What to produce »
Please repeat only the lines below starting at the line that holds "Portaria 216/2022" and ending at the line that holds "Håndverksshorts med paneler", exactly, with both of those lines included and every picture omitted.

Provided records »

____________

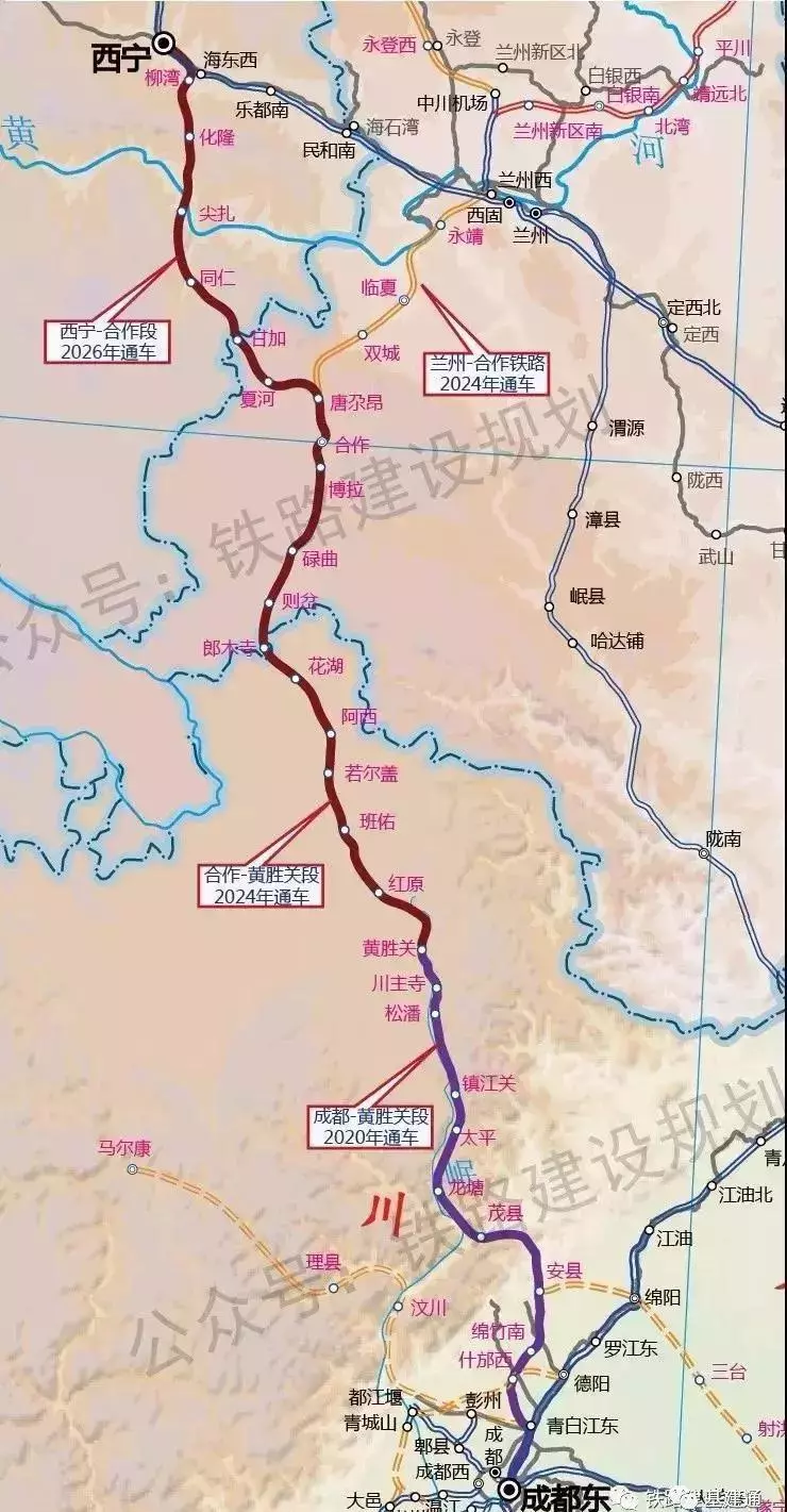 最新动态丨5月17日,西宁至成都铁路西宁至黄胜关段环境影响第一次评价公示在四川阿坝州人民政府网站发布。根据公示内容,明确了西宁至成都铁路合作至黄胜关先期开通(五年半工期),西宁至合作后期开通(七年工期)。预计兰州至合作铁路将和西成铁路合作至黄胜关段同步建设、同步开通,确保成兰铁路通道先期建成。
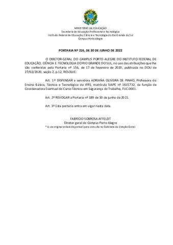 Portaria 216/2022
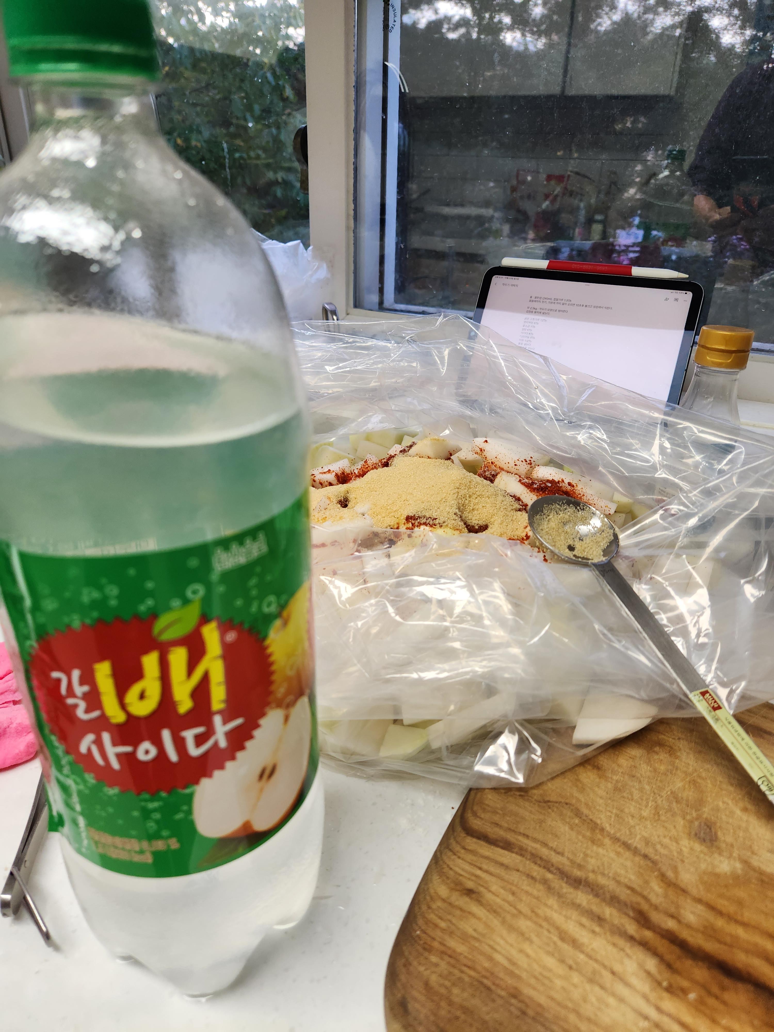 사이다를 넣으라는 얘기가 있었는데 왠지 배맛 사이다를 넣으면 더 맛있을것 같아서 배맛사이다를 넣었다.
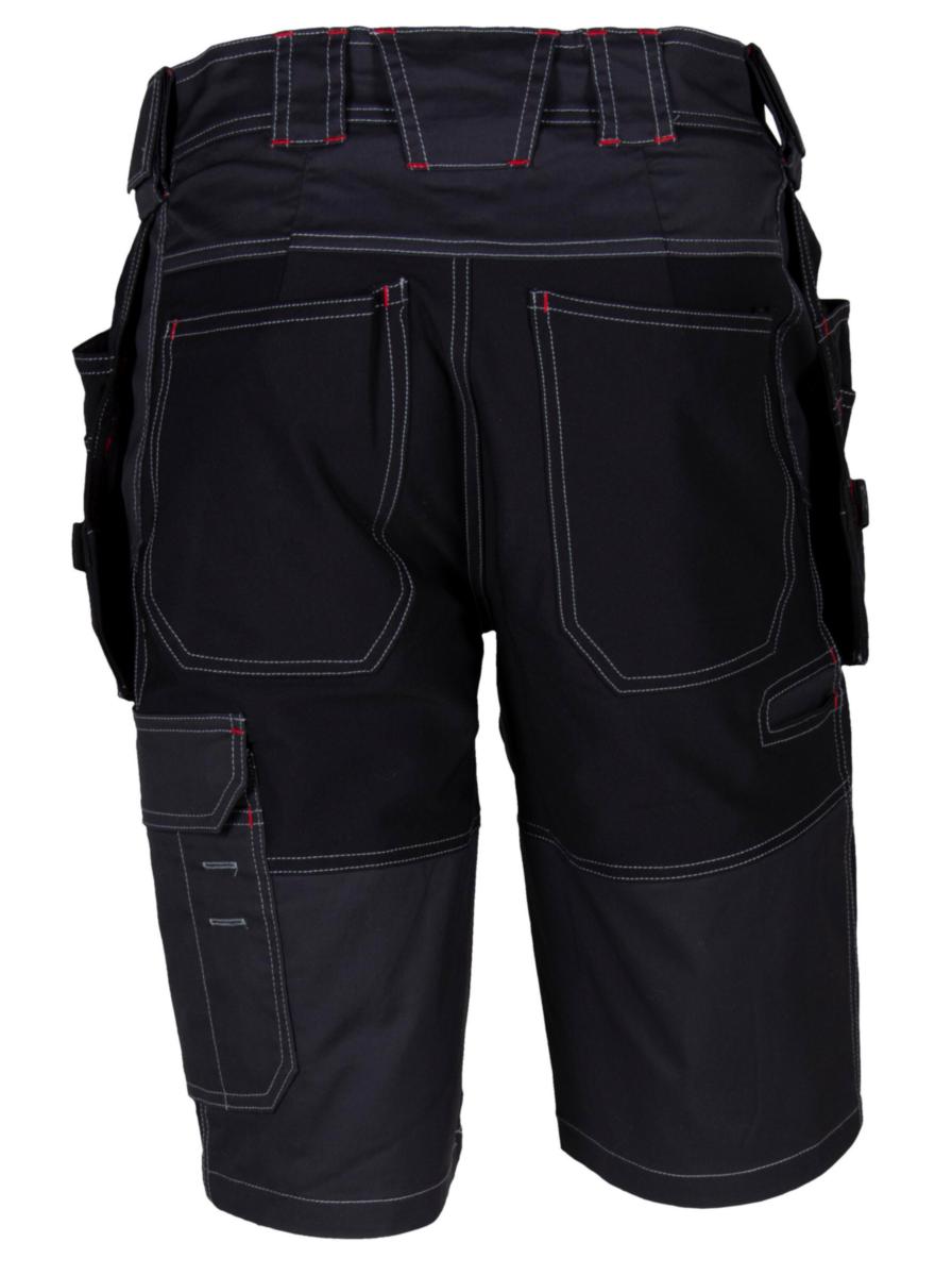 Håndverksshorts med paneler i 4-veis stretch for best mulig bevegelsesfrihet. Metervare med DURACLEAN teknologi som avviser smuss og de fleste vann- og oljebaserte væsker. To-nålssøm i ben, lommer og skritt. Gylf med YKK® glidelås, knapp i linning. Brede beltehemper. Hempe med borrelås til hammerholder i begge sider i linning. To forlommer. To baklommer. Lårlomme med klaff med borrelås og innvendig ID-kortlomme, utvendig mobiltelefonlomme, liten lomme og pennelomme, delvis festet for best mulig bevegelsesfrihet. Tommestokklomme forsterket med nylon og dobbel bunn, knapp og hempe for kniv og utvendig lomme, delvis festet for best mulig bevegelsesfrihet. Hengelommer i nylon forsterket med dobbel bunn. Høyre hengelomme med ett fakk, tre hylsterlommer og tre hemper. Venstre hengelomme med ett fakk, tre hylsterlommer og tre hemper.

____________

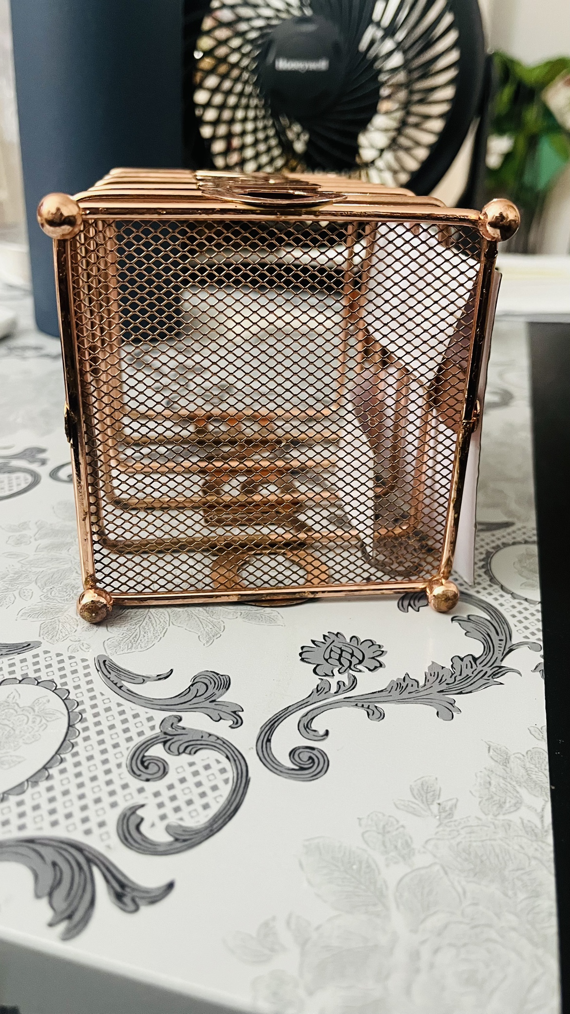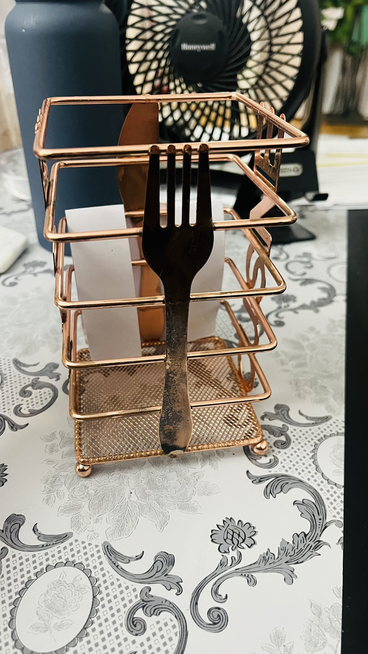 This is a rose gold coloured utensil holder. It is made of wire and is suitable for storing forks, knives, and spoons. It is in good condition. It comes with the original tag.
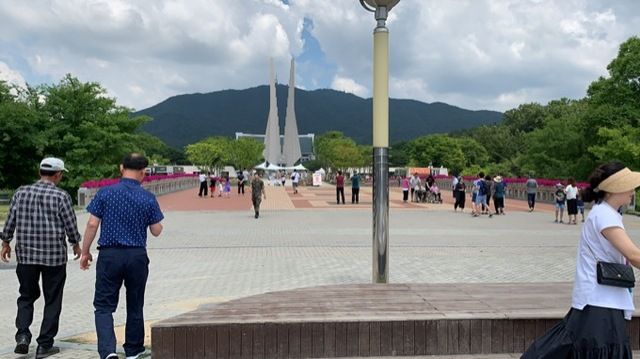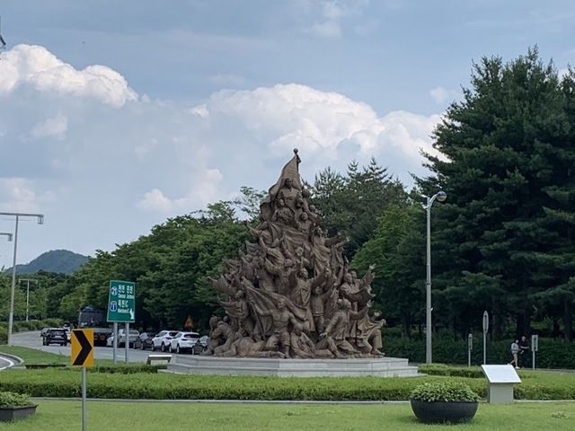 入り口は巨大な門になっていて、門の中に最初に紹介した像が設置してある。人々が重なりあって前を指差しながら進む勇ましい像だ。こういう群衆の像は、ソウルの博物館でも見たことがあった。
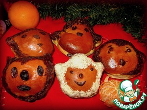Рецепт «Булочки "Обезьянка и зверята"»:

____________

Reply to the task »
 Portaria 216/2022
 사이다를 넣으라는 얘기가 있었는데 왠지 배맛 사이다를 넣으면 더 맛있을것 같아서 배맛사이다를 넣었다.
 Håndverksshorts med paneler i 4-veis stretch for best mulig bevegelsesfrihet. Metervare med DURACLEAN teknologi som avviser smuss og de fleste vann- og oljebaserte væsker. To-nålssøm i ben, lommer og skritt. Gylf med YKK® glidelås, knapp i linning. Brede beltehemper. Hempe med borrelås til hammerholder i begge sider i linning. To forlommer. To baklommer. Lårlomme med klaff med borrelås og innvendig ID-kortlomme, utvendig mobiltelefonlomme, liten lomme og pennelomme, delvis festet for best mulig bevegelsesfrihet. Tommestokklomme forsterket med nylon og dobbel bunn, knapp og hempe for kniv og utvendig lomme, delvis festet for best mulig bevegelsesfrihet. Hengelommer i nylon forsterket med dobbel bunn. Høyre hengelomme med ett fakk, tre hylsterlommer og tre hemper. Venstre hengelomme med ett fakk, tre hylsterlommer og tre hemper.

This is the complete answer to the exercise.